Durante más de cien años, en la comunidad científica se desarrolló un enconado debate acerca de la importancia de las relaciones consanguíneas de parentesco con respecto al altruismo en los animales y en los seres humanos. Iniciada en 1859, la polémica fue muy exaltada pues quien triunfara en ella determinaría nuestra manera de contemplar el origen de la bondad. La razón es muy simple: en última instancia, el altruismo tiene que ver con pagar un costo personal para ayudar a otros, esto es, con lo que la mayoría de nosotros quiere decir cuando habla de hacer el bien. De suerte que, en esencia, una teoría sobre el altruismo es una teoría sobre la bondad.
La polémica sobre el altruismo y las relaciones de parentesco sacó a relucir otras cuestiones afines: ¿la naturaleza es un feroz campo de batalla o un paraíso de cooperación? Además, cualquiera que sea la respuesta a esta pregunta, ¿hay una teoría biológica que pueda explicar realmente la situación? En el curso del debate, entraron en él la política, la filosofía, las opiniones sobre la enfermedad mental e incluso la religión, estorbando durante casi un siglo los intentos que se hacían por responder científicamente interrogantes de índole científica.
Durante largo tiempo, el papel que cumplían las relaciones de parentesco en el desarrollo del altruismo, humano o no, ocupó a las mejores mentes científicas. Veremos aquí por qué cuatro científicos británicos -Charles Robert Darwin, Thomas Henry Huxley, J. B. S. Haldane y, por último, W. D. Hamilton- consagraron buena parte de su vida profesional al tema del altruismo y el parentesco, y veremos cómo esa obsesión afectó a su propia vida. En el curso de la exposición, encontraremos también al príncipe ruso Piotr Kropotkin, el anarquista más importante de su época, y a dos académicos estadounidenses, el cuáquero Warder Allee y un gigante intelectual que terminó suicidándose y se llamaba George Price.
Finalmente, la biología terminó por resolver la cuestión del altruismo y el parentesco consanguíneo con una ecuación matemática desarrollada por un tímido biólogo evolucionista llamado William D. Hamilton. Este hombre apareció en escena en la década de 1960 y utilizó para abordar el problema un enfoque de costos y beneficios que habitualmente vinculamos con la economía. Sumada a su profunda comprensión del funcionamiento evolutivo, esa nueva perspectiva le permitió esbozar de manera nítida y precisa un modelo matemático que explicaba por qué los individuos tratan de manera tan especial a los parientes consanguíneos. Formulado en el lenguaje severo y frío de la selección natural, el modelo de Hamilton se reduce concretamente a la siguiente afirmación: los parientes consanguíneos comparten una gran cantidad de genes, de modo que, ayudando a la familia, uno se ayuda indirectamente a sí mismo. Desde luego, el modelo es algo más complicado que esta simple explicación, pero abordaremos los pormenores cuando llegue el momento.

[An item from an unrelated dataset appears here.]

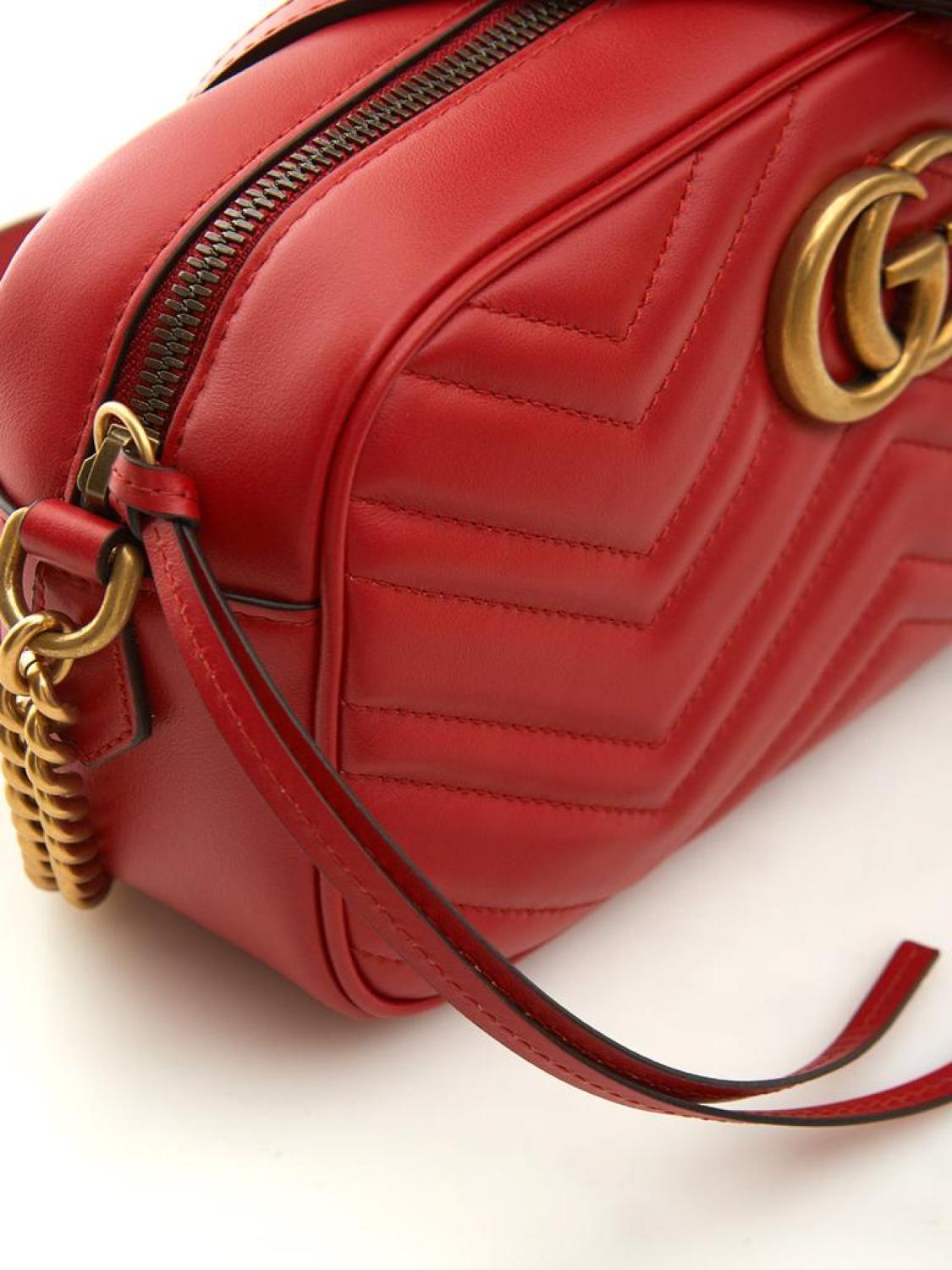 Gorgeous brand new with tags, 100% Authentic Dolce & Gabbana. Red Leather Marmont Shoulder Bag, matelassé, chevron details allover, closure with zip on upper side , gold metallic hardware, adjustable chain and leather strap, gold Gucci GG logo attached on front, lined.Model - BagColour - RedFitting - Regular fitMade in ItalyMaterial - 100% Leather
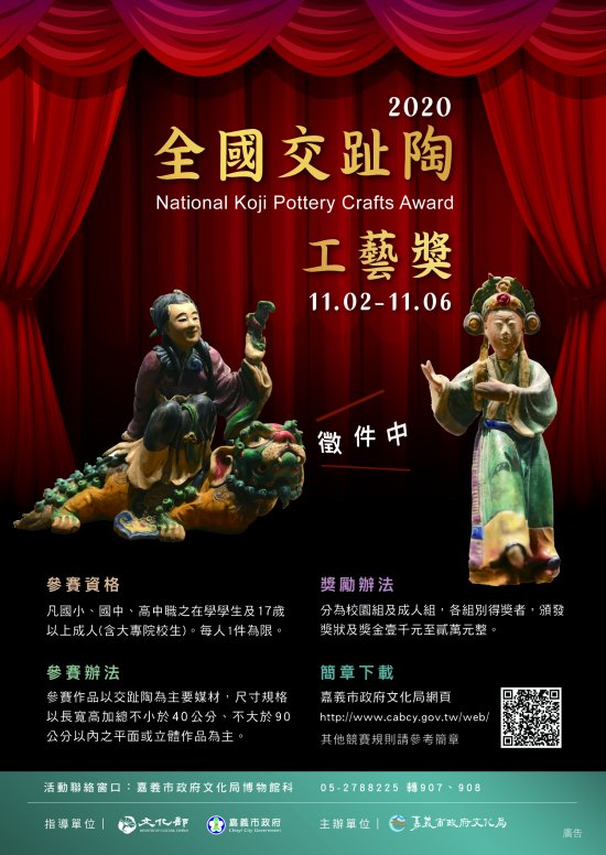 一、 嘉義市是交趾陶的故鄉,為了延續傳承交趾陶特色工藝,鼓勵一般民眾參與交趾陶創作,本局提供校園及社會人 士交趾陶創作競賽舞台,讓交趾陶的創作能量持續發揮。

Aunque transcurrieron más de diez años hasta que las consecuencias del trabajo de Hamilton fueron plenamente comprendidas, su modelo sobre el altruismo y las relaciones consanguíneas de parentesco le ganó el máximo laurel científico: una regla que lleva su nombre. Para la biología evolucionista, esa regla tuvo una influencia equivalente a las leyes de Newton en la física clásica. No obstante, jamás se ha hecho una crónica de ese descubrimiento ni de cómo cambió la vida de los que aportaron a él. Tampoco se ha explicado por qué el propio descubridor de la ley deseaba que la posición opuesta fuera la correcta.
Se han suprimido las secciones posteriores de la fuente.